▶ _DATA EXTRACTS_
┌────────
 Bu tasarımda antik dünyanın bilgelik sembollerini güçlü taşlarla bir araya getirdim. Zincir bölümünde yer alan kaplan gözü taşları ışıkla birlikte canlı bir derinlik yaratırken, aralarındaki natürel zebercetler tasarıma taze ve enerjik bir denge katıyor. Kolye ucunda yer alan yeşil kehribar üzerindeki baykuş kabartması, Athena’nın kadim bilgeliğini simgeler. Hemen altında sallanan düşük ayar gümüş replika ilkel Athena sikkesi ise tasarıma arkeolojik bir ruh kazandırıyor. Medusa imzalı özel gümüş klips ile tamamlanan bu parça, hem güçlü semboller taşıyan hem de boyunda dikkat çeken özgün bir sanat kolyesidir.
└────────
┌────────
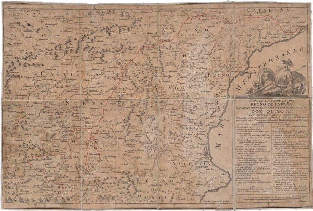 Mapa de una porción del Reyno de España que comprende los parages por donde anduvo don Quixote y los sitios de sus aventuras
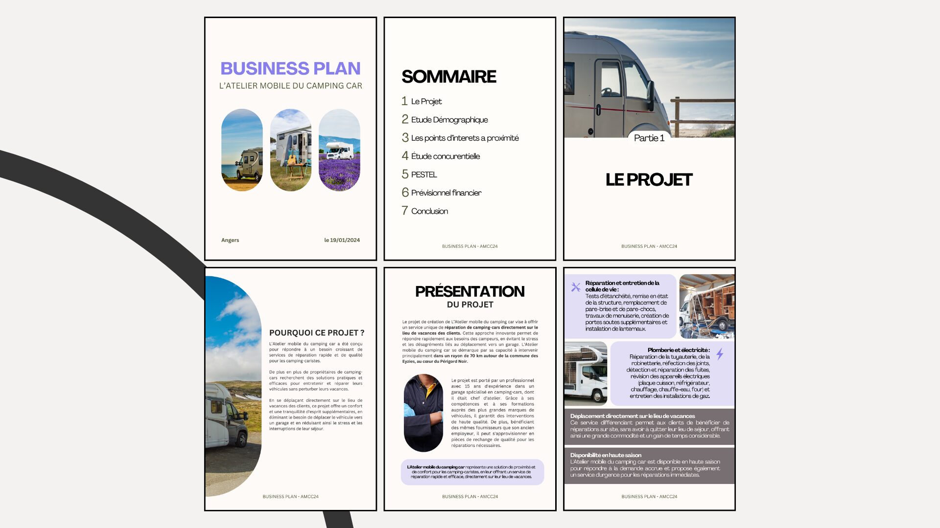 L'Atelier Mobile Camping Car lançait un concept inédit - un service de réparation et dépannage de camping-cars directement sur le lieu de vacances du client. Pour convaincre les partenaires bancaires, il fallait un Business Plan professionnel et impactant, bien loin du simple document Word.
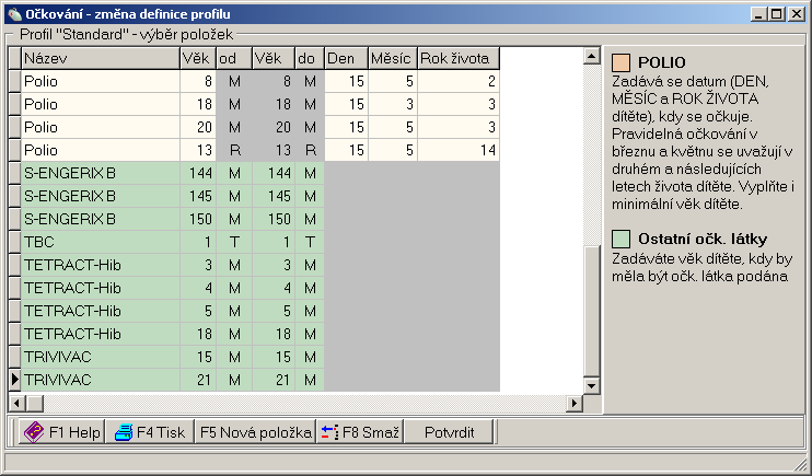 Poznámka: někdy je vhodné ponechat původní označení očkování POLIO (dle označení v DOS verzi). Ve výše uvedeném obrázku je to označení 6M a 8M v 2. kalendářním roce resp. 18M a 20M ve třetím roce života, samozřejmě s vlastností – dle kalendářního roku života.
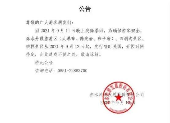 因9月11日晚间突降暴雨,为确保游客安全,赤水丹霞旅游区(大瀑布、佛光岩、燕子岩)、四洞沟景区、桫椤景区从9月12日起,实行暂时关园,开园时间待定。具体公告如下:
└────────
▶ _REQUIREMENT_
The lines to copy exactly start with the line above that has "Poznámka: někdy je" and go on through the line that has "因9月11日晚间突降暴雨,为"; please include both, add nothing else, and omit the pictures.

▶ _ANSWER BOX_
 Poznámka: někdy je vhodné ponechat původní označení očkování POLIO (dle označení v DOS verzi). Ve výše uvedeném obrázku je to označení 6M a 8M v 2. kalendářním roce resp. 18M a 20M ve třetím roce života, samozřejmě s vlastností – dle kalendářního roku života.
 因9月11日晚间突降暴雨,为确保游客安全,赤水丹霞旅游区(大瀑布、佛光岩、燕子岩)、四洞沟景区、桫椤景区从9月12日起,实行暂时关园,开园时间待定。具体公告如下:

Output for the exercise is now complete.